▸ **Working data**
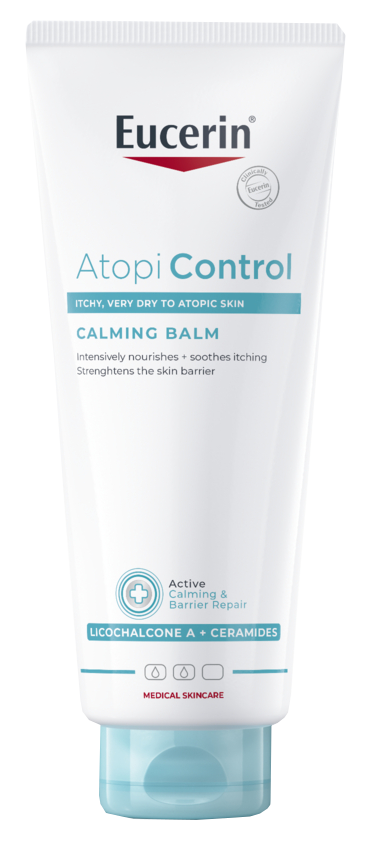 Атопичная кожа — это раздражительная, сухая и склонная к зуду кожа. Зуд провоцирует расчесывание, что мешает хорошему ночному сну и может отрицательно влиять на качество жизни. Успокаивающий бальзам Eucerin AtopiControl Calming Balm предназначен для ежедневного ухода за телом, и его особая формула успокаивает и интенсивно увлажняет раздраженную и зудящую кожу. Этот легкий, но питательный водно-масляный бальзам обогащен успокаивающим ликохалконом А, церамидами и маслом ши для укрепления защитного барьера кожи и уменьшения сухости и зуда. Его также следует использовать во время обострений вместе с кремом Eucerin AtopiControl Acute Care Cream, спреем Eucerin Anti-Itch Spray и вашими обычными медицинсими препаратами. Бальзам от атопической экземы обеспечивает мгновенное увлажнение, чтобы кожа была мягкой и гладкой. При регулярном применении состояние кожи заметно улучшается. Этот не содержащий ароматизаторов бальзам имеет легкую, приятную, нежирную и нелипкую текстуру и быстро впитывается. Бальзам Eucerin AtopiControl Calming Balm дерматологически проверен для сухой атопической кожи. Он безопасен для нежной кожи новорожденных и детей, а также для зоны подгузников с возраста 1 месяц. Благодаря нежной, но эффективной формуле он идеально подходит для детей и взрослых, а, значит, для всей семьи, и сохраняет защитный барьер и активно успокаивает зудящую кожу.
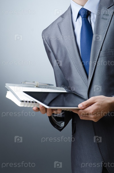 Предприниматель, работающий на планшетном компьютере
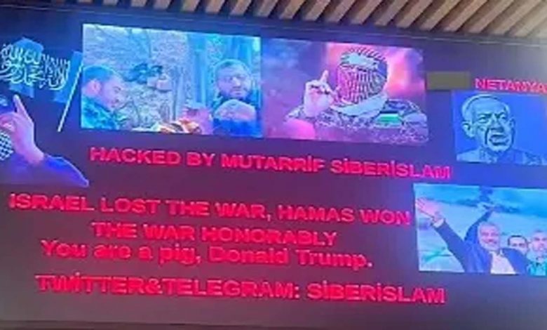“ഇസ്രായേൽ യുദ്ധം തോറ്റു, ഹമാസ് യുദ്ധം ജയിച്ചു” എന്ന് ബ്രിട്ടീഷ് കൊളംബിയയിലെ കെലോവ്ന അന്താരാഷ്ട്ര വിമാനത്താവളത്തിലെ ഫ്ലൈറ്റ് ഇൻഫർമേഷൻ ഡിസ്‌പ്ലേയിൽ ഹാക്കർമാർ പ്രദർശിപ്പിച്ചു.
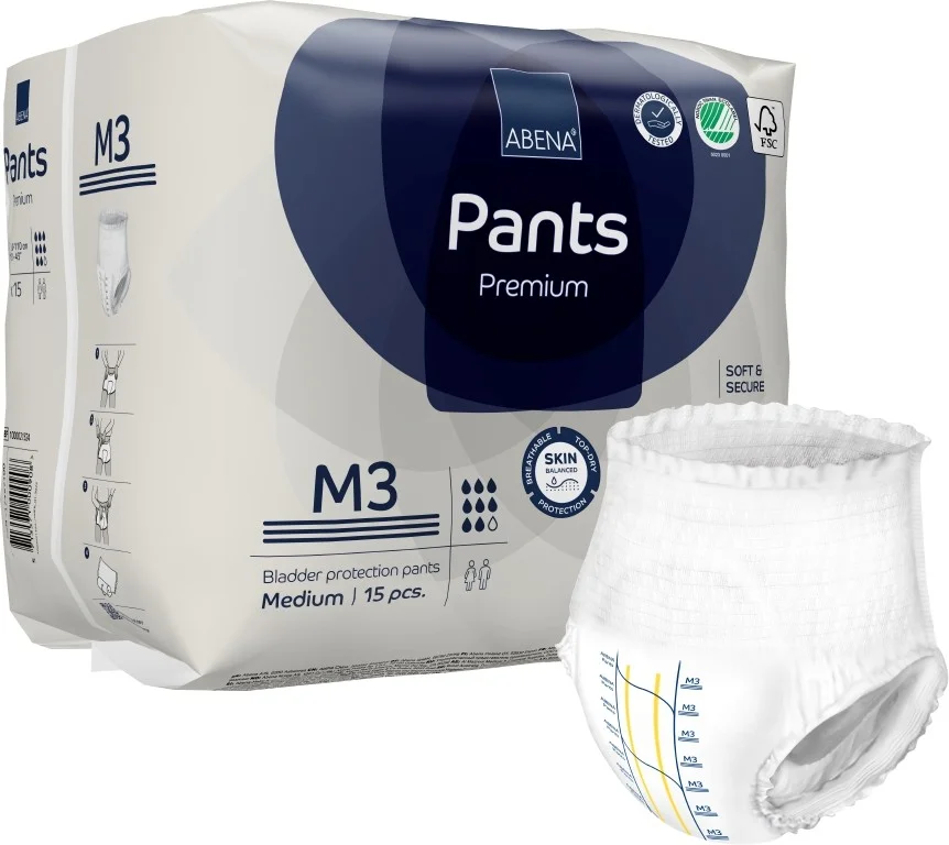 ABENA PANTS je prémiová řada jednorázových navlékacích kalhotek v široké nabídce velikostí a absorpce, které lze nosit jako běžné spodní prádlo.
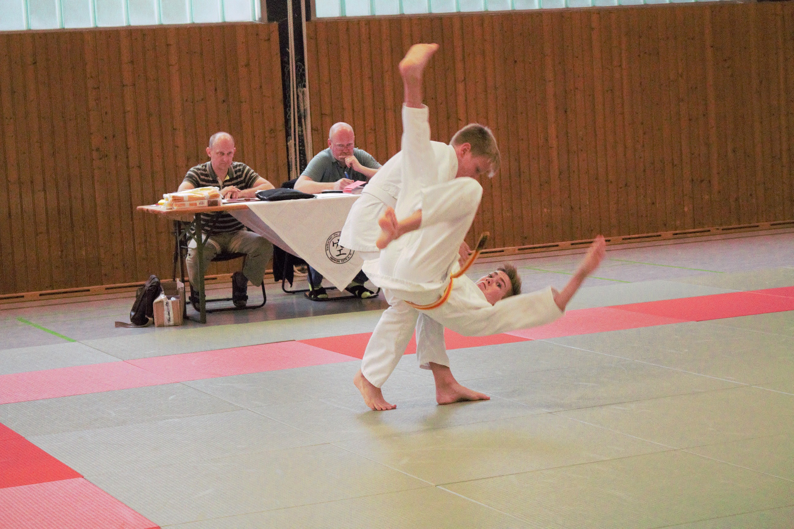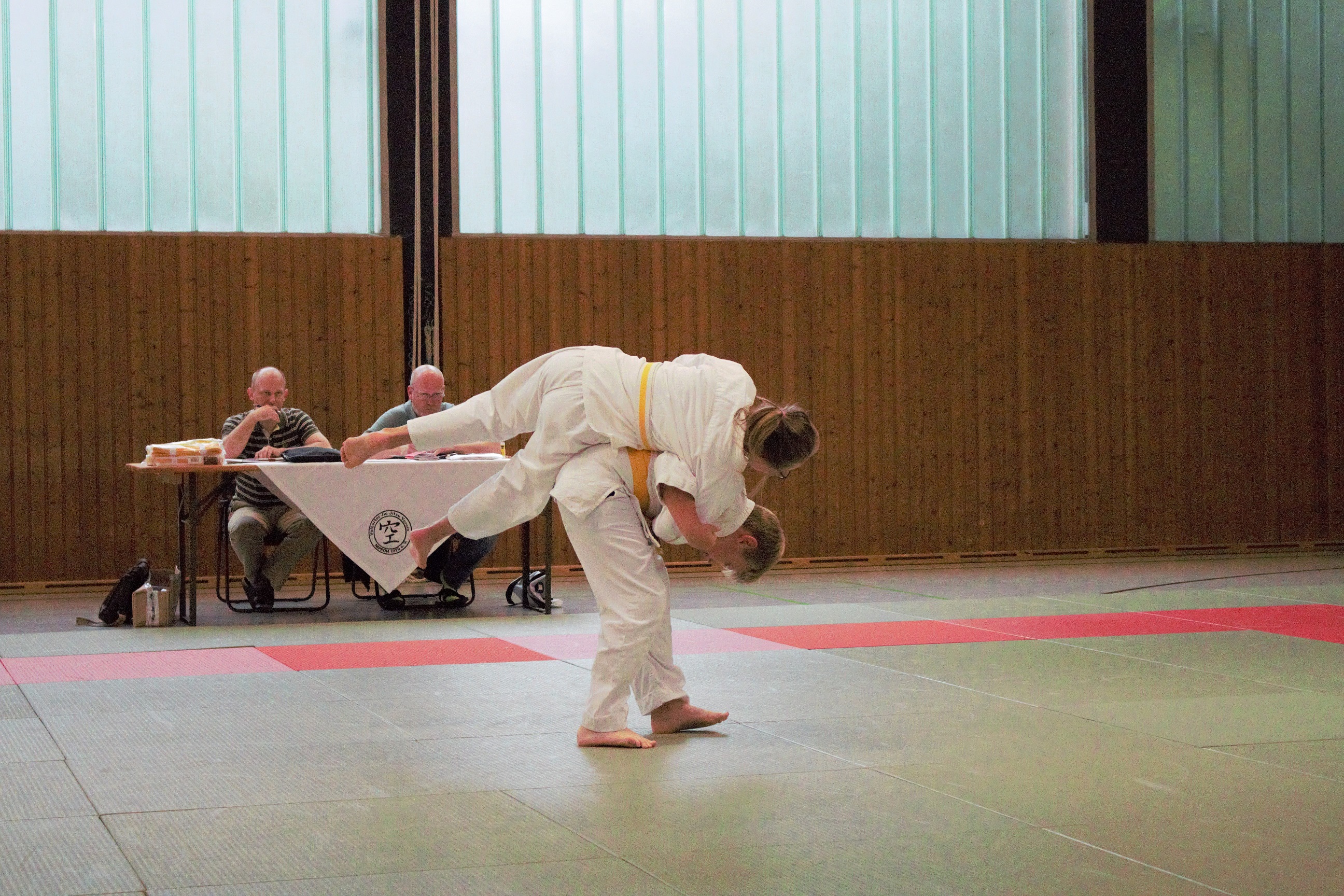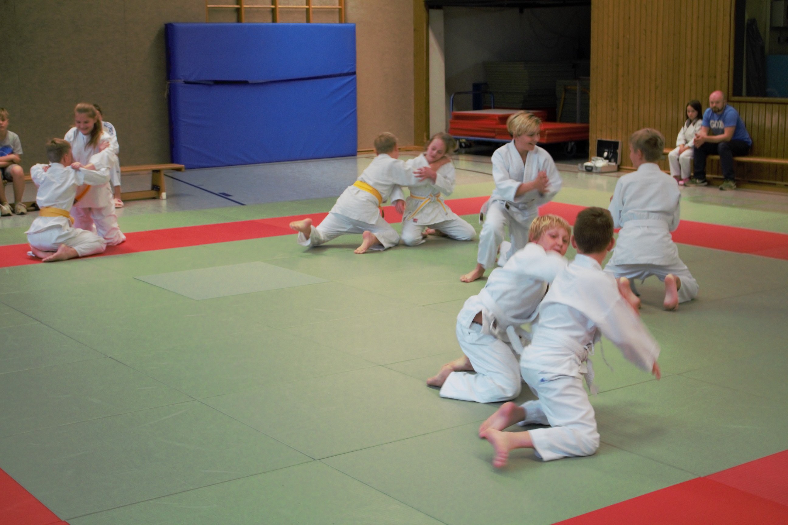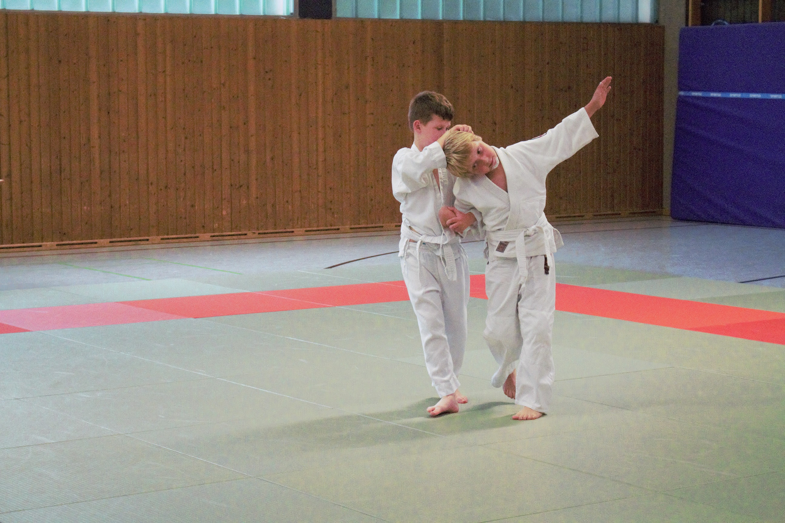 Wie immer begannen die Jiu-Kids mit ihren Vorführungen und ernteten sieben mal einen verdienten Applaus. Zwei der Kids hatten eine besondere Herausforderung. Da ihre Partner kurzfristig ausgefallen waren, sprangen Jugendtrainer Adam und Erwachsenentrainerin Andrea bereitwillig ein.

▸ **What you have to do**
Restate word for word each line from the one containing "ABENA PANTS je" through the end of the material, pictures excluded.

▸ **The completed task**
 ABENA PANTS je prémiová řada jednorázových navlékacích kalhotek v široké nabídce velikostí a absorpce, které lze nosit jako běžné spodní prádlo.
 Wie immer begannen die Jiu-Kids mit ihren Vorführungen und ernteten sieben mal einen verdienten Applaus. Zwei der Kids hatten eine besondere Herausforderung. Da ihre Partner kurzfristig ausgefallen waren, sprangen Jugendtrainer Adam und Erwachsenentrainerin Andrea bereitwillig ein.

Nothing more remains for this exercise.